A battle always has as its purpose the reaching of a mission goal by use of military force.[8] A victory in the battle is achieved when one of the opposing sides forces the other to abandon its mission, or to surrender its forces, or routs the other, i.e., forces it to retreat or renders it militarily ineffective for further combat operations. However, a battle may end in a Pyrrhic victory, which ultimately favors the defeated party. If no resolution is reached in a battle, it can result in a stalemate. A conflict in which one side is unwilling to reach a decision by a direct battle using conventional military forces often becomes an insurgency.
Until the 19th century the majority of battles were of short duration, many lasting a part of a day. (The Battle of Nations (1813) and the Battle of Gettysburg (1863) were exceptional in lasting three days.) This was mainly due to the difficulty of supplying armies in the field, or conducting night operations. The means of prolonging a battle was typically by employment of siege warfare. Improvements in transportation and the sudden evolving of trench warfare, with its siege-like nature during World War I in the 20th century, lengthened the duration of battles to days and weeks.[8] This created the requirement for unit rotation to prevent combat fatigue,[9] with troops preferably not remaining in a combat area of operations for more than a month. Trench warfare had become largely obsolete in conflicts between advanced armies by the start of the Second World War.
The use of the term "battle" in military history has led to its misuse when referring to almost any scale of combat, notably by strategic forces involving hundreds of thousands of troops that may be engaged in either a single battle at one time (Battle of Leipzig) or multiple operations (Battle of Kursk). The space a battle occupies depends on the range of the weapons of the combatants. A "battle" in this broader sense may occupy a large piece of spacetime, as in the case of the Battle of Britain or the Battle of the Atlantic. Until the advent of artillery and aircraft, battles were fought with the two sides within sight, if not reach, of each other. The depth of the battlefield has also increased in modern warfare with inclusion of the supporting units in the rear areas; supply, artillery, medical personnel etc. often outnumber the front-line combat troops.

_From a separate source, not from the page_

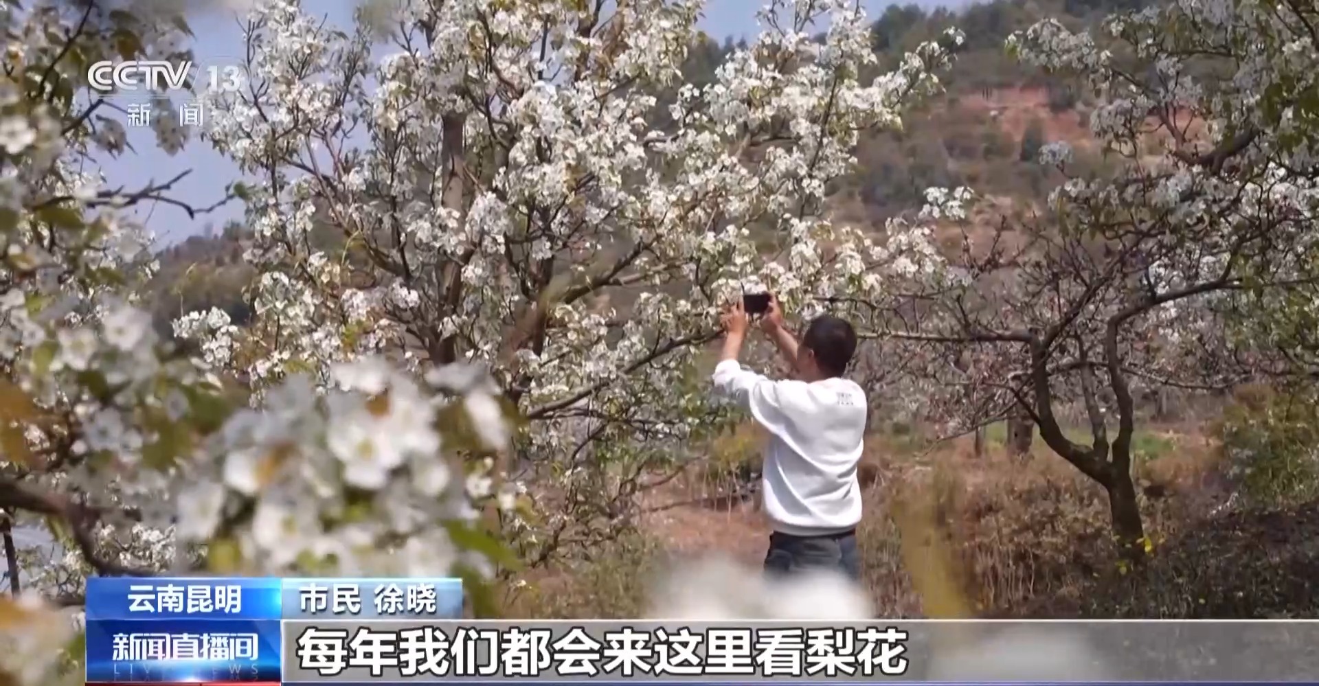 市民 徐曉:每年我們都會來這里看梨花,梨花飄下來就是很有詩意的那種感覺。

Battles are, on the whole, made up of a multitude of individual combats, skirmishes and small engagements within the context of which the combatants will usually only experience a small part of the events of the battle's entirety. To the infantryman, there may be little to distinguish between combat as part of a minor raid or as a major offensive, nor is it likely that he anticipates the future course of the battle; few of the British infantry who went over the top on the first day on the Somme, July 1, 1916, would have anticipated that they would be fighting the same battle in five months' time. Conversely, some of the Allied infantry who had just dealt a crushing defeat to the French at the Battle of Waterloo fully expected to have to fight again the next day.
Battlespace
Main article: BattlespaceBattlespace is a unified strategy to integrate and combine armed forces for the military theatre of operations, including air, information, land, sea and space. It includes the environment, factors and conditions that must be understood to successfully apply combat power, protect the force, or complete the mission. This includes enemy and friendly armed forces; facilities; weather; terrain; and the electromagnetic spectrum within the operational areas and areas of interest.